Republicans shot down amendments from Democrats that would have removed a provision defunding Planned Parenthood, kept ObamaCare’s patient protections and change the title of the bill to “Republican Pay More For Less Act.”
Republicans expressed confidence that once it scores the bill’s impacts the CBO will conclude the bill will not throw millions off their health insurance.
Democrat Joe Kennedy III of Massachusetts was not hearing any of it. “I was struck last night by a comment that I heard made by Speaker Ryan, where he called this repeal bill ‘an act of mercy.’ With all due respect to our speaker, he and I must have read different Scripture,” Kennedy said. “There is no mercy in a system that makes healthcare a luxury.” Like one of Al Pacino’s characters, he was just getting warmed up, calling the bill “an act of malice.”

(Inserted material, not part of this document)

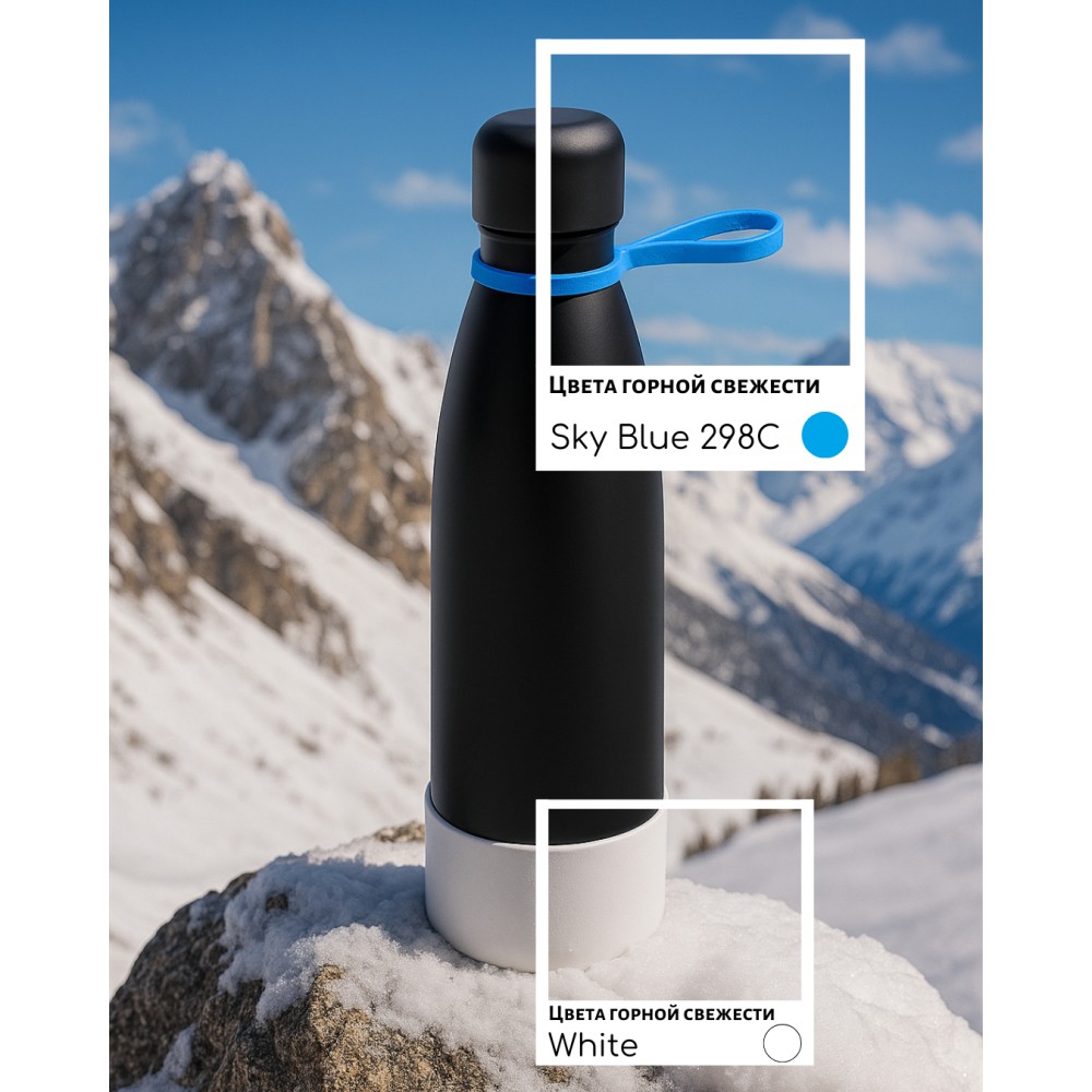 Термобутылка герметичная вакуумная Olivia To Go, чёрный/голубой/белый

“With all due respect to @SpeakerRyan, he and I must have read different scripture.” – @RepJoeKennedy 🔥 #TrumpCare— justin kanew (@justin_kanew) March 8, 2017
Kennedy will have friends. Major players are lining up against the bill, including the American Medical Association, AARP, the American Nurses Association, the American Hospital Association, and others. The New York Times reports:
House Republicans have been left scrambling to marshal support from businesses and other interests that stand to benefit from lower taxes if the bill passes. Insurers are on the fence, and other powerful forces like pharmaceutical companies remain largely on the sidelines.
Squeezed between wary health care providers and angry conservatives who believe that the bill leaves too much of the Affordable Care Act in place, the Republican leadership and President Trump appear to be facing an uphill climb.

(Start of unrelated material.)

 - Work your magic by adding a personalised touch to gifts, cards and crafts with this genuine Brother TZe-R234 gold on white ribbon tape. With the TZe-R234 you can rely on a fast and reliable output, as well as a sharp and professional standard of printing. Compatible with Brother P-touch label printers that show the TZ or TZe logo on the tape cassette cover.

E.J. Dionne writes that it should not come as a surprise that Republicans will make things worse:
This is what their replacement of Obamacare would do. Democrats have quickly labeled the bill “Trumpcare,” and why not? Trump described it as “wonderful.” What’s interesting about his embrace is that the proposal fails (forgive me) bigly in living up to the joyous health-care future Trump envisioned.
“Everybody’s got to be covered,” the magician of Mar-a-Lago said on “60 Minutes” in September 2015. “I am going to take care of everybody. I don’t care if it costs me votes or not. Everybody’s going to be taken care of much better than they’re taken care of now.” Trump’s campaign pledges were so sweeping that Sen. Ted Cruz (Tex.), his then-rival for the Republican presidential nomination, cast Trump as a fan of a single-payer system.
Dionne reminds readers of Trump’s fondness for “truthful hyperbole” as “an innocent form of exaggeration.”
But exaggeration is not innocent when it means depriving the old, the sick and the poor of health insurance. If there is one beautiful thing about the health-care proposal House Republicans released this week, it is that it exposes how much untruthful hyperbole Republicans engaged in about Obamacare and what they would replace it with.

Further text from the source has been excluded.